**What you should do**:
All of the data is to be printed exactly, though the images must be left off.

**Dataset content**:
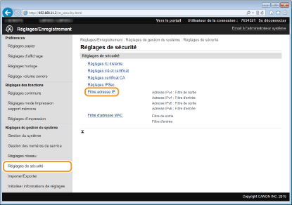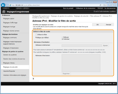 En cas de saisie incorrecte des adresses IP, vous risquez de ne pas pouvoir accéder à l'appareil via l'interface utilisateur distante. Si cela devait se produire, il faudrait définir <Filtre d'adresse IPv4> ou <Filtre d'adresse IPv6> sur <Désactivé>. Filtre d'adresse IPv4 Filtre d'adresse IPv6
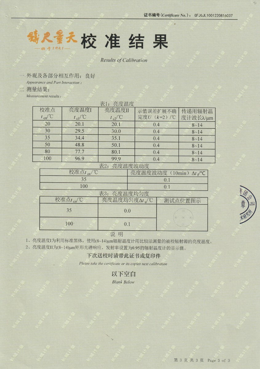 上一條:晶科能源(肥東)公司-黑體輻射源下一條:高精度制冷恒溫槽(-80~100℃)校準證書
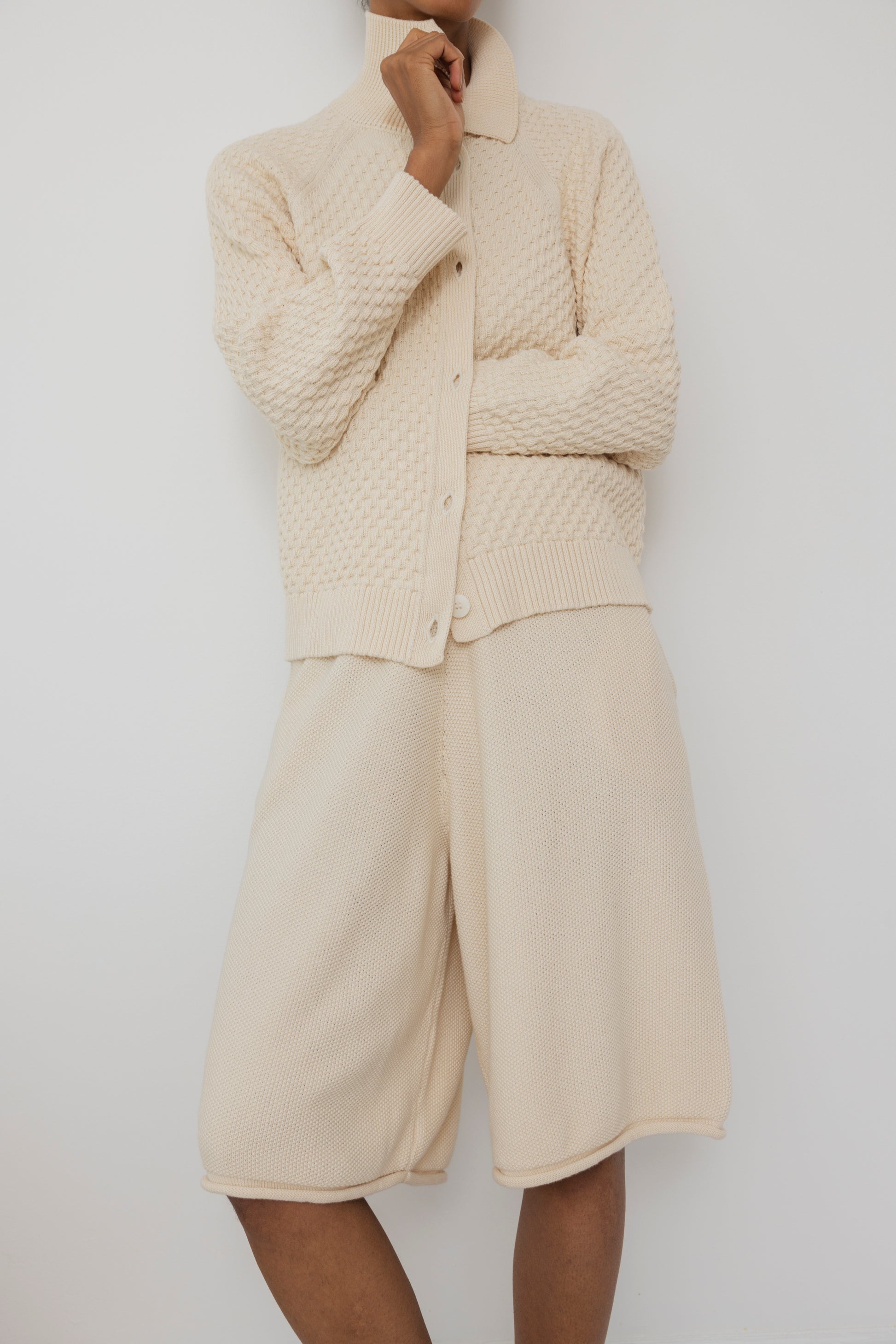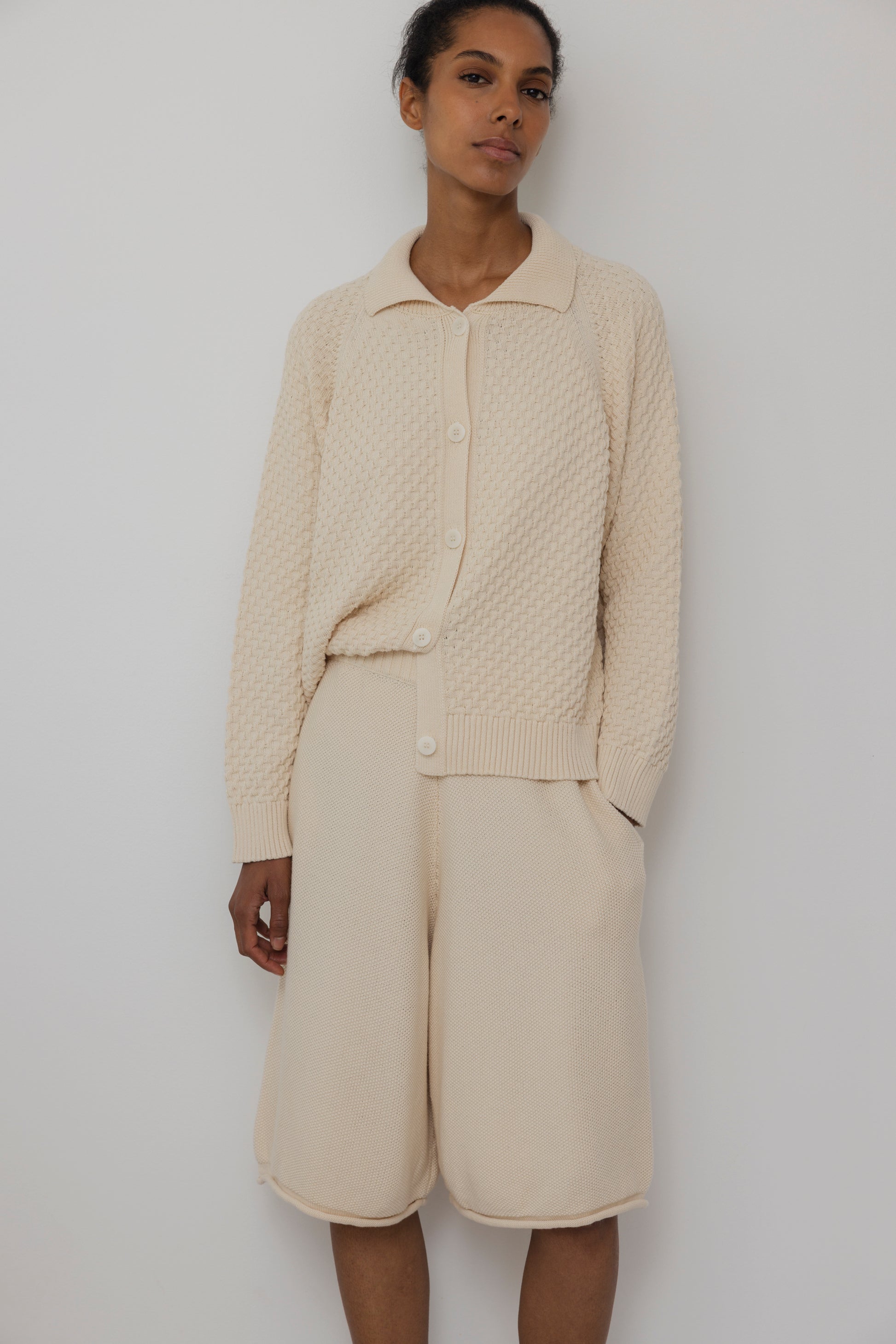 Loose, long shorts in an all over textured seed stitch. Rolled edge hem, elastic waist and side seam pockets. This is made with 100% Organic, domestic cotton and then knit in NYC. The cotton is lightweight and has a soft yet slightly crisp hand feel. Natural is undyed.

**Reply**:
 En cas de saisie incorrecte des adresses IP, vous risquez de ne pas pouvoir accéder à l'appareil via l'interface utilisateur distante. Si cela devait se produire, il faudrait définir <Filtre d'adresse IPv4> ou <Filtre d'adresse IPv6> sur <Désactivé>. Filtre d'adresse IPv4 Filtre d'adresse IPv6
 上一條:晶科能源(肥東)公司-黑體輻射源下一條:高精度制冷恒溫槽(-80~100℃)校準證書
 Loose, long shorts in an all over textured seed stitch. Rolled edge hem, elastic waist and side seam pockets. This is made with 100% Organic, domestic cotton and then knit in NYC. The cotton is lightweight and has a soft yet slightly crisp hand feel. Natural is undyed.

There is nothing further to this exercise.